I’ve seen a few posts on LinkedIn recently declaring RAG systems are dead.

The core argument? “Context windows are getting bigger, so who needs retrieval anymore?”

It got me thinking. RAG only really entered the mainstream about a year or two ago. So why the premature funeral?

Sure, context windows have expanded, but does that eliminate the need for retrieval?

I don’t think so. Here’s why:

Cost & latency scale linearly with context size. Dumping your entire knowledge base into a prompt isn’t efficient.
Relevance filtering still matters. RAG gives you control over what context is passed.
Traceability and source attribution are key in regulated or high-stakes domains.
Most enterprise knowledge bases exceed even long context windows.

So no, I don’t think RAG is dead. But it is maturing alongside LLM-powered applications.

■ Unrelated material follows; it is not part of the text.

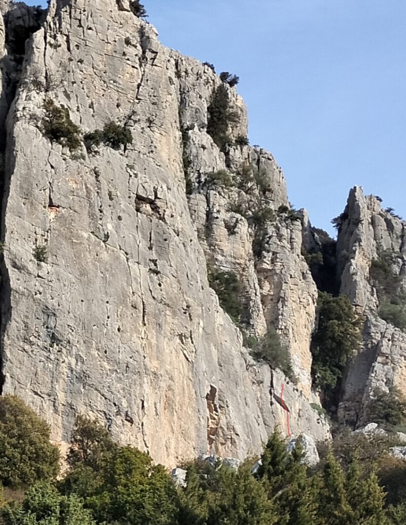 NOTE: It follows a long vertical crack. There's a middle lower off of you don't have an 80 m rope. 17 quickdraws to the top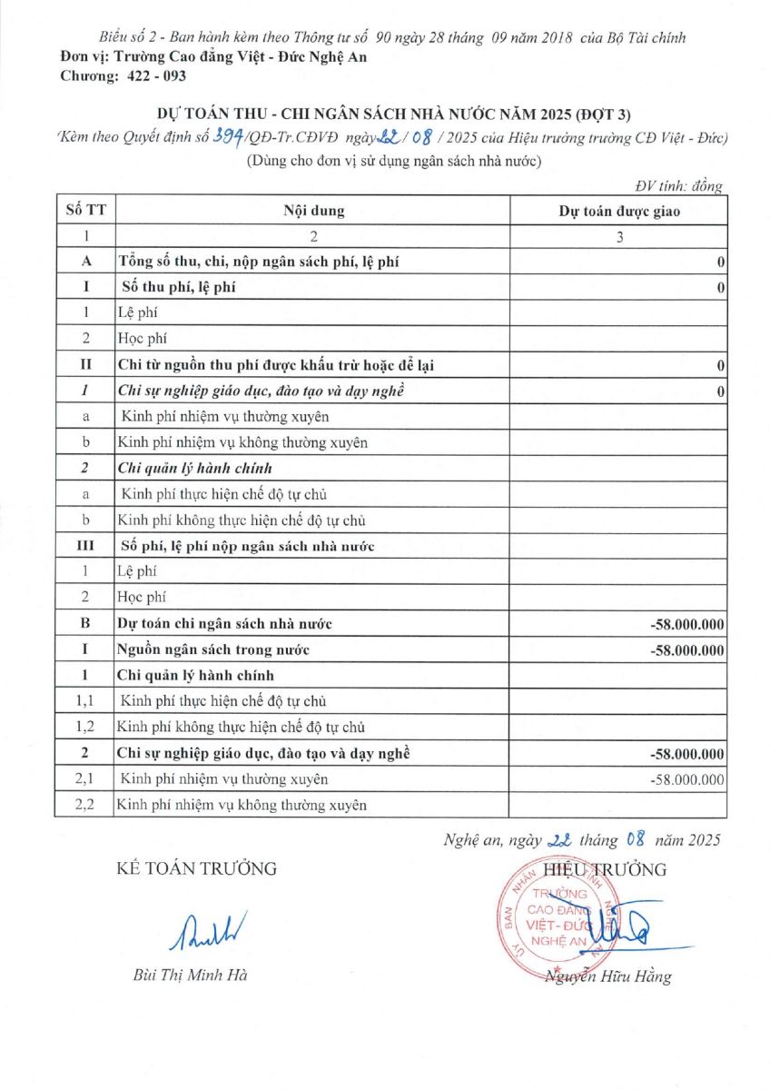 Quyết định số 394/QĐ-Tr.CĐVĐ ngày 22/8/2025 của Trường Cao đẳng Việt - Đức Nghệ An về việc Công bố công khai dự toán ngân sách năm 2025 (Đợt 3)

Which is why I wanted to do this project. I wanted to explore what LLMOps really means in practice, essentially MLOps, adopted for large language models. So I decided to explore RAG systems.

Here are the questions I wanted to answer while doing this project:

How do we track and evaluate quality without labelled data?

Most traditional machine learning (ML) systems rely on ground-truth labels. RAG systems might not have that luxury.

What does observability mean in a retrieval-based or LLM-powered system?

It’s not just about latency and uptime, but how do we get visibility into retrieval quality, context relevance, and user satisfaction?

How do you design a stack that’s modular, monitorable, and scalable?

Microservices? Monolith? Where do these services live, and how do they talk to each other?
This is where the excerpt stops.